→ **Entries provided**:
□ □ □ □ □

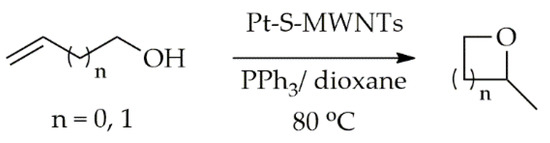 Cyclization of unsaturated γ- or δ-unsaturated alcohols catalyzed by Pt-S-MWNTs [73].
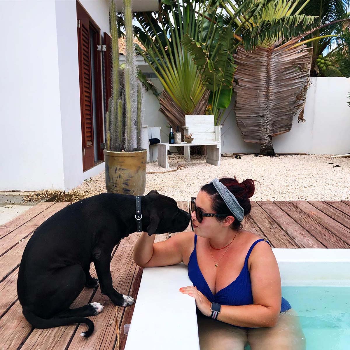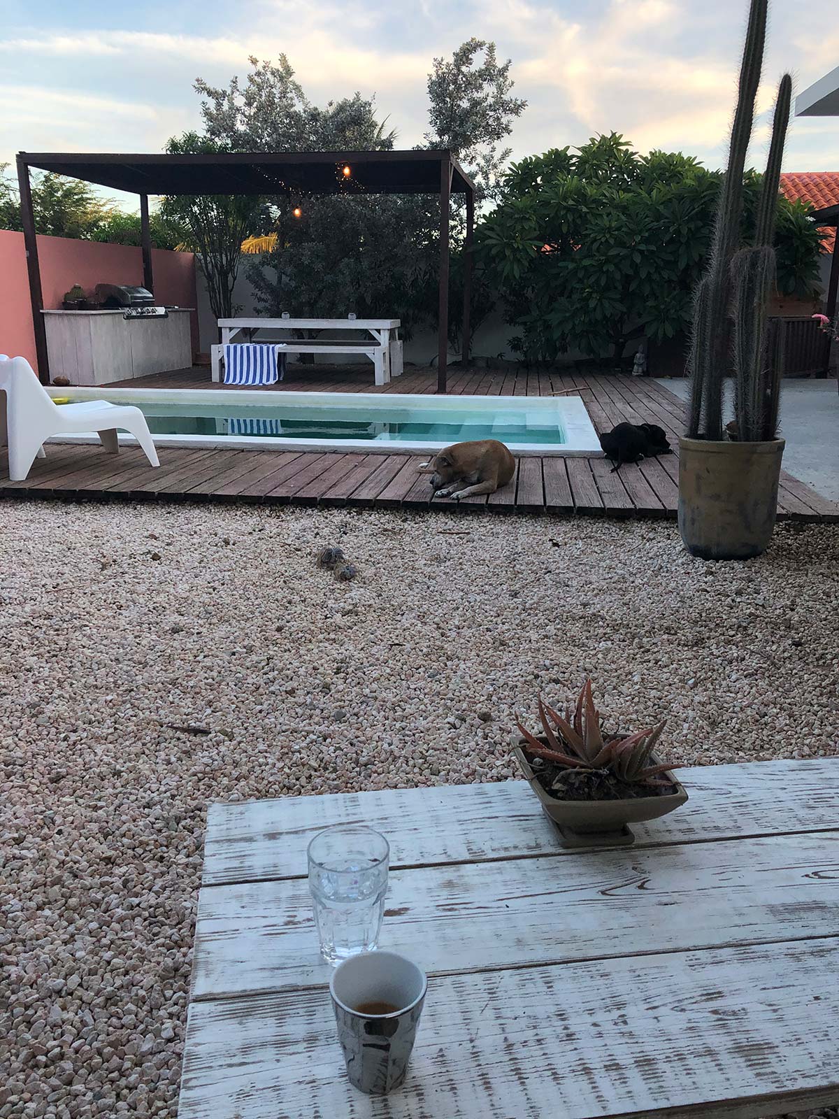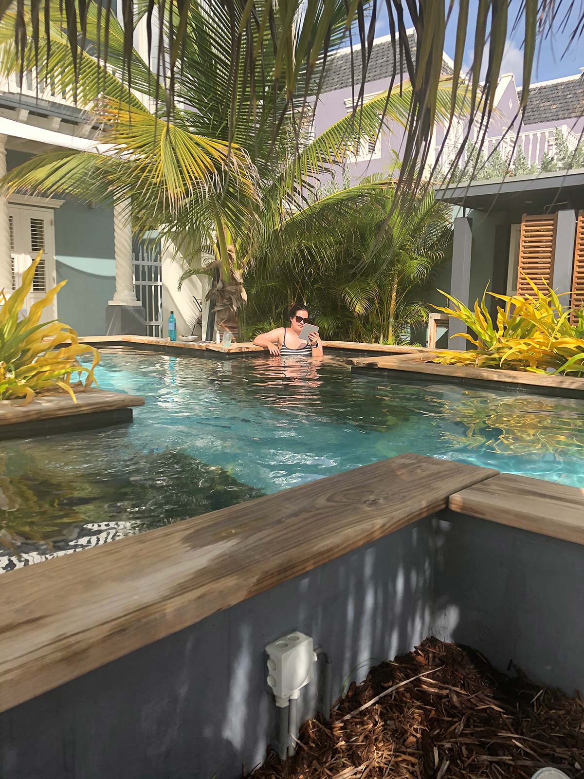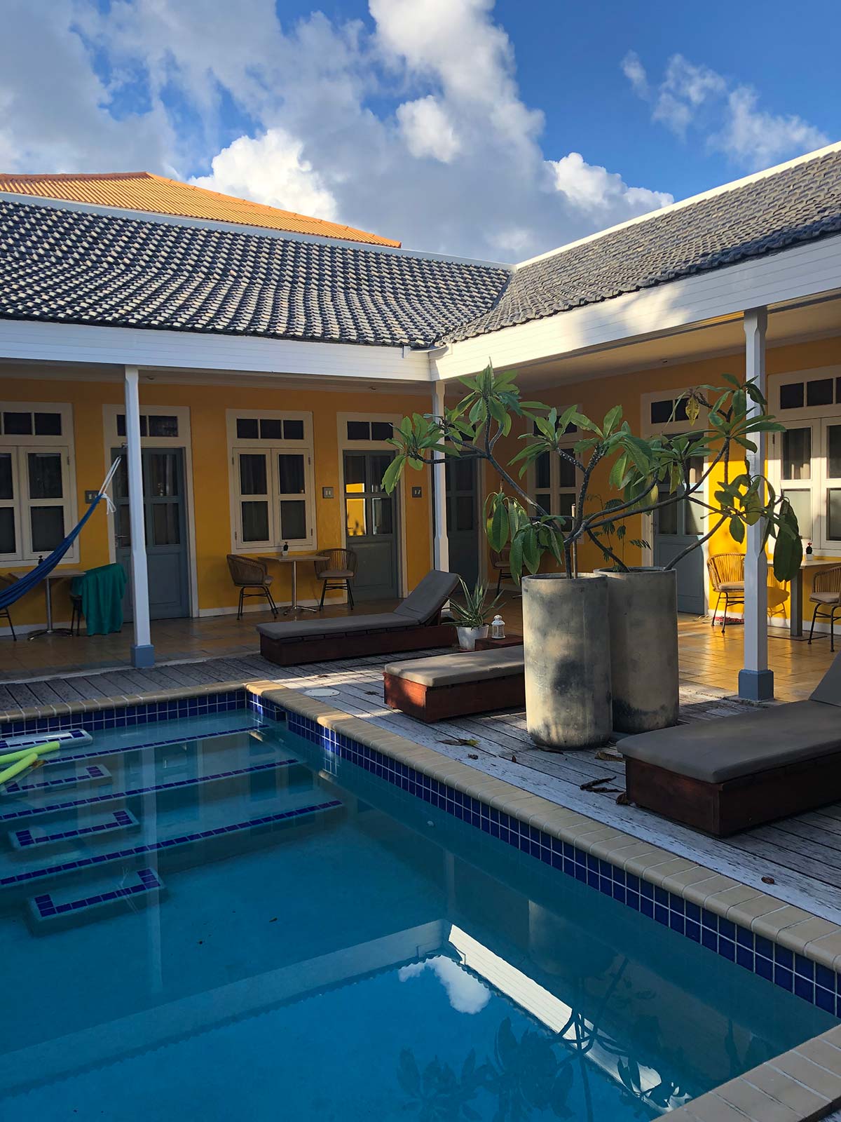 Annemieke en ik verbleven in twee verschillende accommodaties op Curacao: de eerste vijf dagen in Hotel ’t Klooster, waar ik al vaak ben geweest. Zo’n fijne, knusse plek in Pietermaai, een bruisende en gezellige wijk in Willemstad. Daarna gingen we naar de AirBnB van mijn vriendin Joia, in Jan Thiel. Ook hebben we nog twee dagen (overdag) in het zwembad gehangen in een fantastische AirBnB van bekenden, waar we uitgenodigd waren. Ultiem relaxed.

□ □ □ □ □

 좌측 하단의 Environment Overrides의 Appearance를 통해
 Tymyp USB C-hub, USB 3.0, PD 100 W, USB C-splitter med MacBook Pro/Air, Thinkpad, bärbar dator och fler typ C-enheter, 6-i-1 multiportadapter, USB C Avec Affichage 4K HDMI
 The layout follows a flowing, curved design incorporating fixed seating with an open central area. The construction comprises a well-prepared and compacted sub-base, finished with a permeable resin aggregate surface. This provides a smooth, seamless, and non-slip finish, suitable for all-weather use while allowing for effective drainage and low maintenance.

□ □ □ □ □

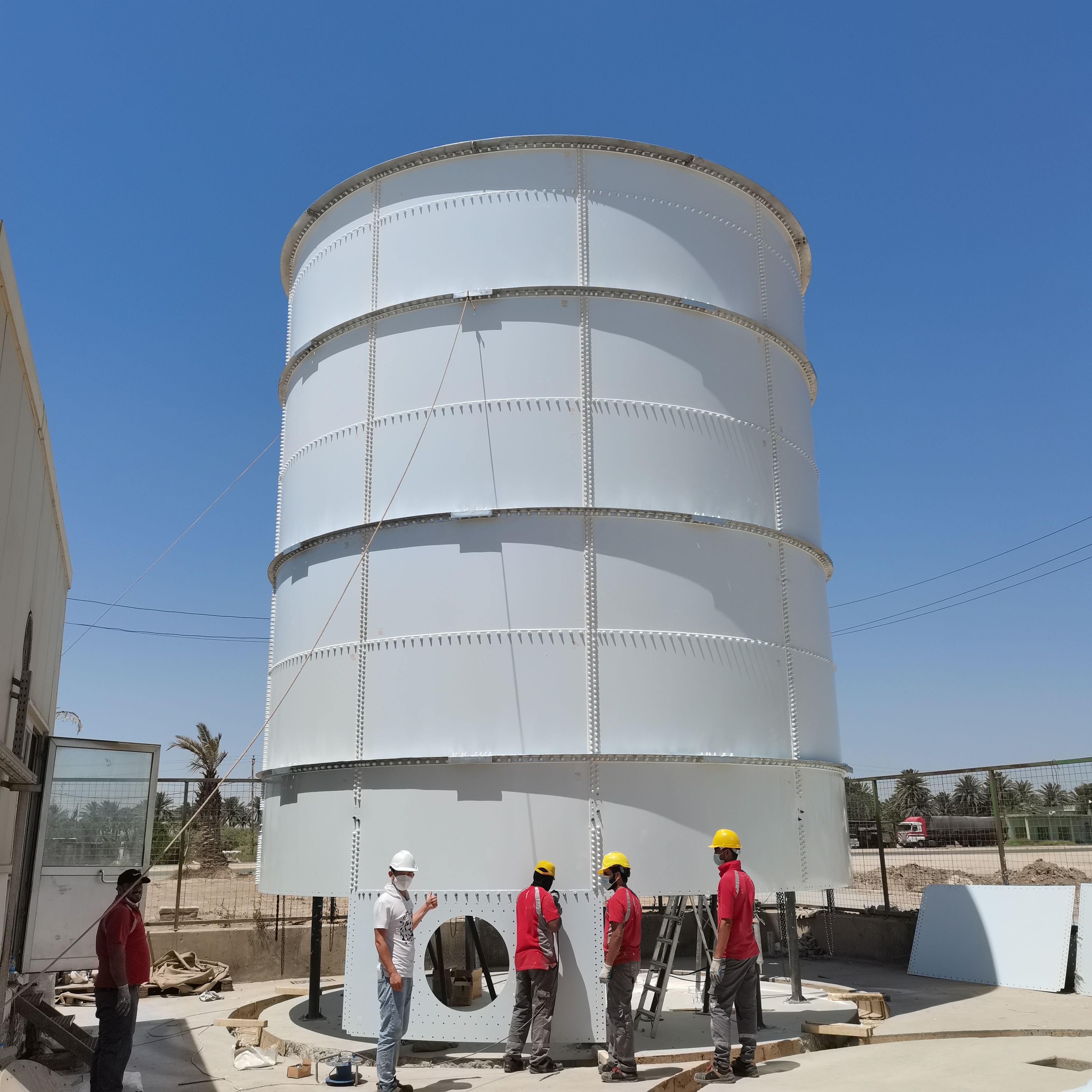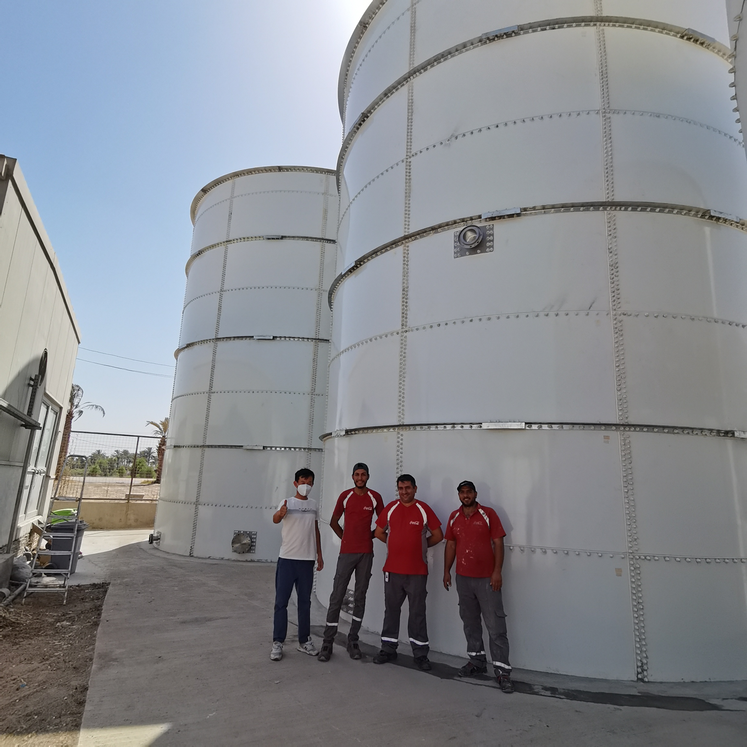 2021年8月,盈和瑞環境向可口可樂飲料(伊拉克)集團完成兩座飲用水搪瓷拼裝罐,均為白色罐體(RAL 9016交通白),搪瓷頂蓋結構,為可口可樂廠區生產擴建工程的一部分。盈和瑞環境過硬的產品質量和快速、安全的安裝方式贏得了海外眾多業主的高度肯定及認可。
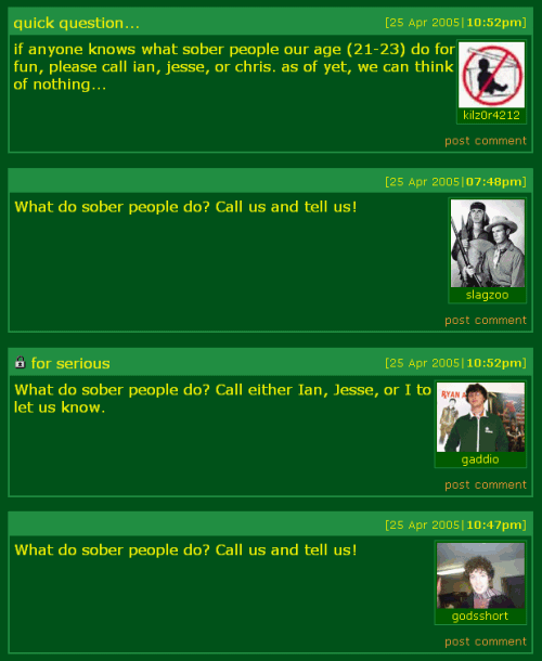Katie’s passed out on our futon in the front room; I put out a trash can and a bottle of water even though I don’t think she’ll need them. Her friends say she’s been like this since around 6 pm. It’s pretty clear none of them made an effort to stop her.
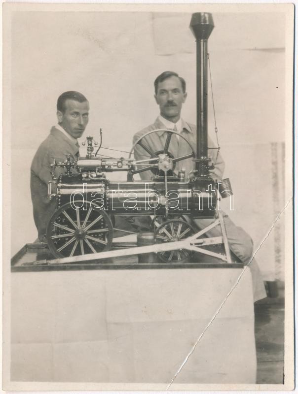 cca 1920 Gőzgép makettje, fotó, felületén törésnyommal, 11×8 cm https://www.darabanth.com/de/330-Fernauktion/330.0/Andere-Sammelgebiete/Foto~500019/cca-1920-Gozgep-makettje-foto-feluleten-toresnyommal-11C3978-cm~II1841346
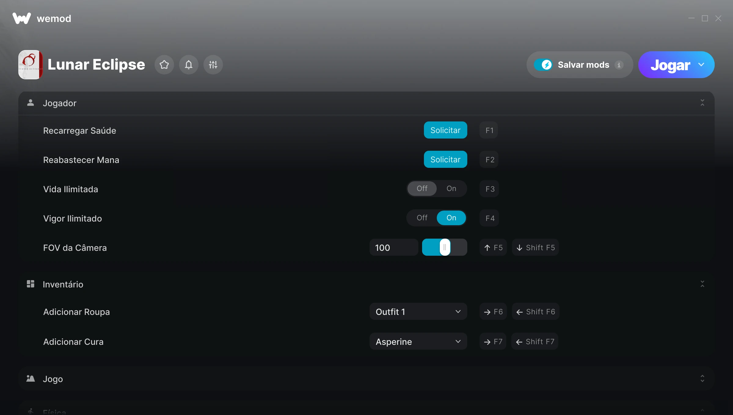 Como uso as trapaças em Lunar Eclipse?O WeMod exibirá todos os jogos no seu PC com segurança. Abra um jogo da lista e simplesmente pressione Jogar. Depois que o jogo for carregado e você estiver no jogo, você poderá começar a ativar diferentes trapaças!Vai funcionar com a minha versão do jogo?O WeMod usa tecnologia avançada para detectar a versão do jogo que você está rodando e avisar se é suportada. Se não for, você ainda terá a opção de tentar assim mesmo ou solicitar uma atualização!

□ □ □ □ □

→ **Work request**: Of the lines above, copy only those from the one holding "2021年8月,盈和瑞環境向" to the one holding "cca 1920 Gőzgép", both included, and exclude every image.

→ **Written response**:
 2021年8月,盈和瑞環境向可口可樂飲料(伊拉克)集團完成兩座飲用水搪瓷拼裝罐,均為白色罐體(RAL 9016交通白),搪瓷頂蓋結構,為可口可樂廠區生產擴建工程的一部分。盈和瑞環境過硬的產品質量和快速、安全的安裝方式贏得了海外眾多業主的高度肯定及認可。
Katie’s passed out on our futon in the front room; I put out a trash can and a bottle of water even though I don’t think she’ll need them. Her friends say she’s been like this since around 6 pm. It’s pretty clear none of them made an effort to stop her.
 cca 1920 Gőzgép makettje, fotó, felületén törésnyommal, 11×8 cm https://www.darabanth.com/de/330-Fernauktion/330.0/Andere-Sammelgebiete/Foto~500019/cca-1920-Gozgep-makettje-foto-feluleten-toresnyommal-11C3978-cm~II1841346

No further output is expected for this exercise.